WHAT THE TASK ASKS: Your copy should hold only the lines from the one with "Multischalter Stand-Alone/Kaskadenbaustein, 13" to the one with "El modelo de", both included, each exactly as it stands below, with no pictures.

TASK DATA:
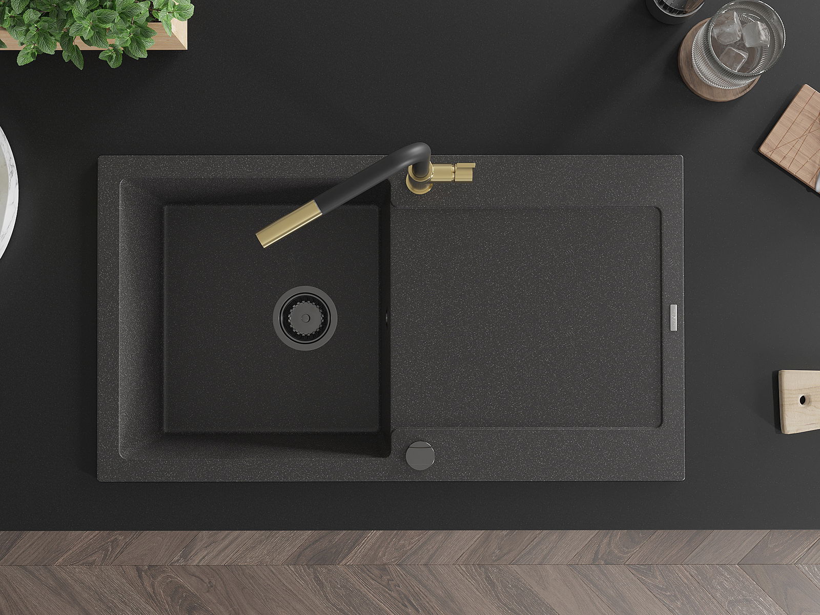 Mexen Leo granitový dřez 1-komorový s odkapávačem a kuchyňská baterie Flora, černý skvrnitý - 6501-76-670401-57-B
==
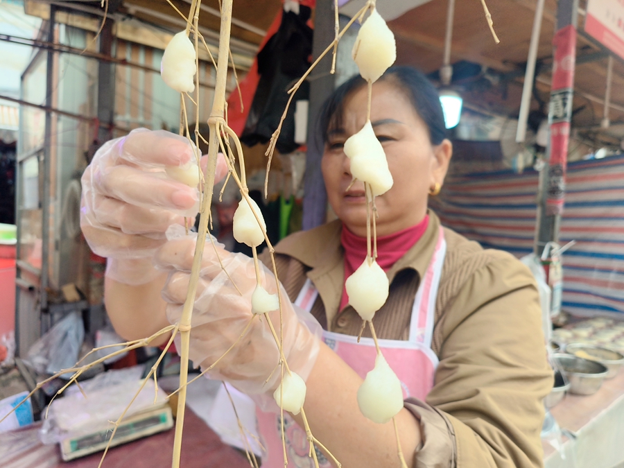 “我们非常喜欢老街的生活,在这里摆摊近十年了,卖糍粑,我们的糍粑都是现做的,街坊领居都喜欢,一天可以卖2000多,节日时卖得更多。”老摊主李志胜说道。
...
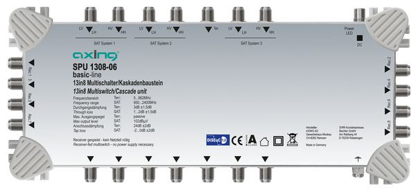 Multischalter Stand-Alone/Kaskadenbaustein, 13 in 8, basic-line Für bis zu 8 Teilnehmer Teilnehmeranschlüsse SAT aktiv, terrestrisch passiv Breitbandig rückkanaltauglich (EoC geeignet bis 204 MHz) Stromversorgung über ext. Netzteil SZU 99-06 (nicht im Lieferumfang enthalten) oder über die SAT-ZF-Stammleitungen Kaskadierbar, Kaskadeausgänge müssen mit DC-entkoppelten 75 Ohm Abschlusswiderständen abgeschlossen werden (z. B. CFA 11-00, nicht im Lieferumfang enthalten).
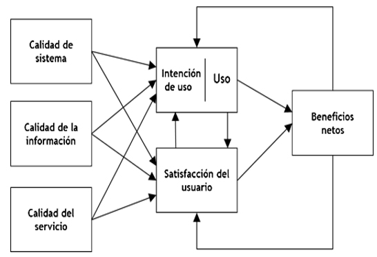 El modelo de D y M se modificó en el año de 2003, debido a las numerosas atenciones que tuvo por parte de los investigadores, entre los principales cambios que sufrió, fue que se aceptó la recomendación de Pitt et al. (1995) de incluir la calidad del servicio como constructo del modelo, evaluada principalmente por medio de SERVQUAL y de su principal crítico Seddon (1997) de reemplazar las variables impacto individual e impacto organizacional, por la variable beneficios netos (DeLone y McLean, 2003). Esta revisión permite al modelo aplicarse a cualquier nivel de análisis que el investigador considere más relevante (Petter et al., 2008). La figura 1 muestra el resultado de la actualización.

REPLY TO THE EXERCISE:
 Multischalter Stand-Alone/Kaskadenbaustein, 13 in 8, basic-line Für bis zu 8 Teilnehmer Teilnehmeranschlüsse SAT aktiv, terrestrisch passiv Breitbandig rückkanaltauglich (EoC geeignet bis 204 MHz) Stromversorgung über ext. Netzteil SZU 99-06 (nicht im Lieferumfang enthalten) oder über die SAT-ZF-Stammleitungen Kaskadierbar, Kaskadeausgänge müssen mit DC-entkoppelten 75 Ohm Abschlusswiderständen abgeschlossen werden (z. B. CFA 11-00, nicht im Lieferumfang enthalten).
 El modelo de D y M se modificó en el año de 2003, debido a las numerosas atenciones que tuvo por parte de los investigadores, entre los principales cambios que sufrió, fue que se aceptó la recomendación de Pitt et al. (1995) de incluir la calidad del servicio como constructo del modelo, evaluada principalmente por medio de SERVQUAL y de su principal crítico Seddon (1997) de reemplazar las variables impacto individual e impacto organizacional, por la variable beneficios netos (DeLone y McLean, 2003). Esta revisión permite al modelo aplicarse a cualquier nivel de análisis que el investigador considere más relevante (Petter et al., 2008). La figura 1 muestra el resultado de la actualización.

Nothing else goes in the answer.